Вот тогда уже — все поровну, и никто напрасно не дерется,
и не злые, а объединенные, и Отцу не надо мирить, кричать с набухшими жилами
на шее, запивать безнадежно от горя...
Если есть у нас Отец (Бог) — то Он от взгляда на нынешнюю
ситуацию в человечестве — в глубоком запое.
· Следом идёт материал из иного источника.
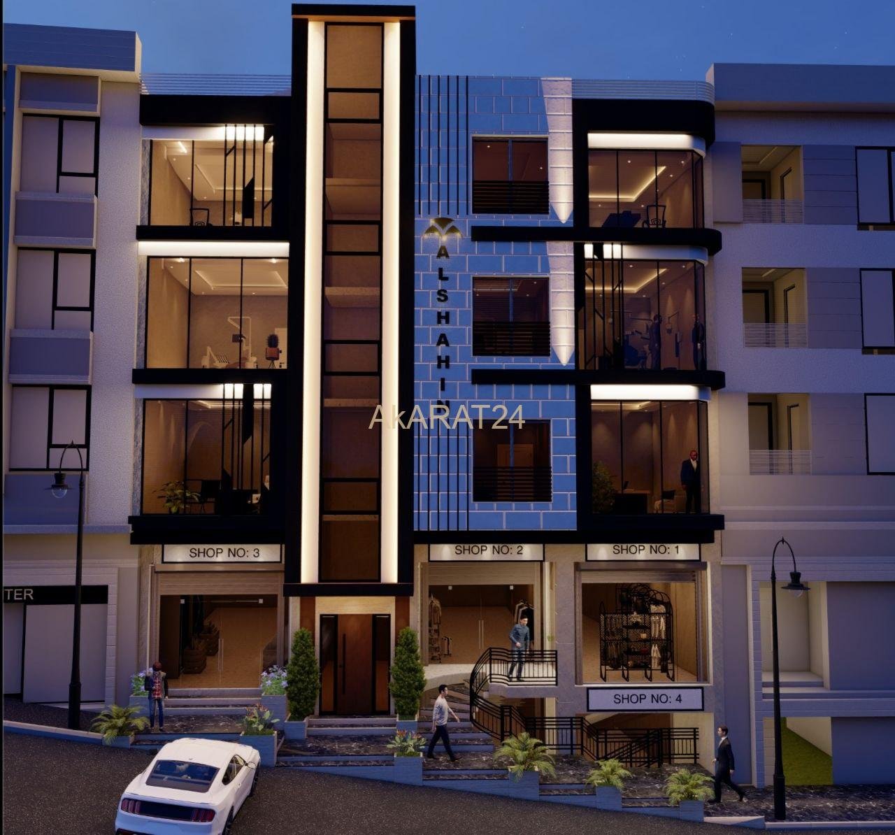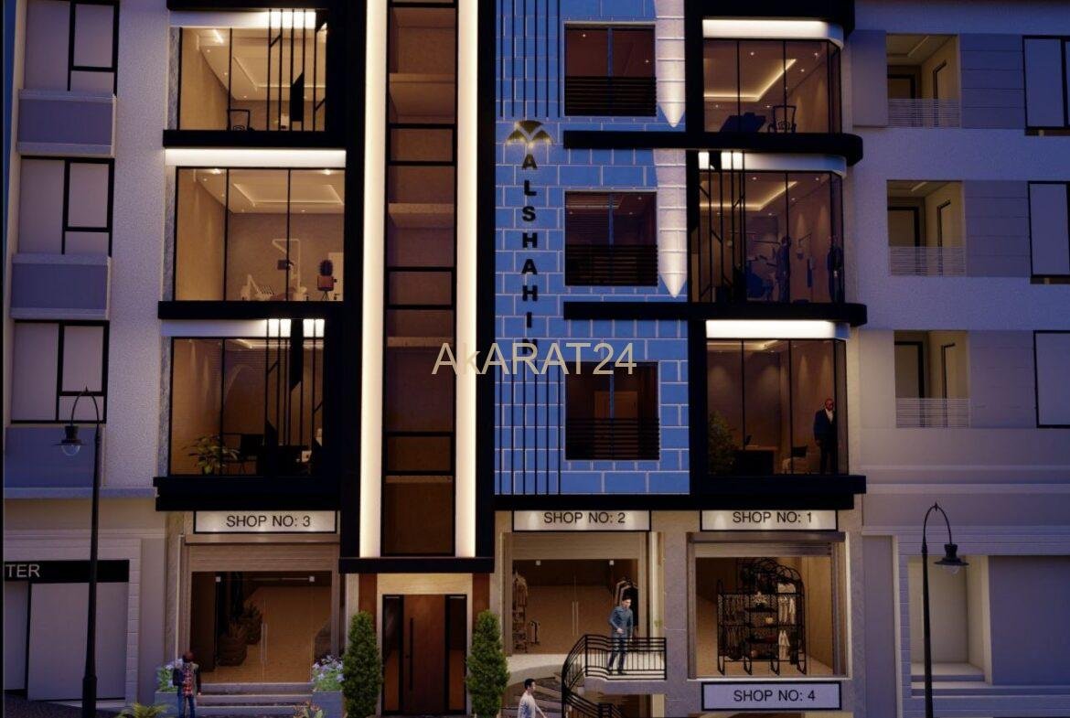 الطابق ثلاث طوابق فنية يتألف كل طابق من 4 مكاتب على العظم داخلياً

Пользуясь тем, что я практически не являюсь законным гражданином
Украины, живу с 1986 года в Ужгороде, как подтопленец, без постоянной прописки,
без стабильной крыши над головой, но, как серьезный украинский йог, хочу
обратиться в роли нейтральной силы, которая попала в зазор между Украиной
и прочим человечеством, к парламентам и народам мира с просьбой:
«Помогите спасти Украину! За границей ее представляют в
основном воры типа Лазаренко, масштаба побольше и поменьше. Простой трудовой
человек, который светится навстречу солнцу добрым подсолнухом, не в силах
заплатить проходные взятки разным посольским кладовщикам из числа родного
«сословия». Идет, благодаря нашим отечественным ворам, великий кругооборот
продажных шкур на планете. Они делают все, чтобы Украины не стало. Помогите
остановить наш, всегда готовый к измене люд! Если умрет Украина — умрет
человечество. Эта большая дыра на географическом теле — однозначная смерть.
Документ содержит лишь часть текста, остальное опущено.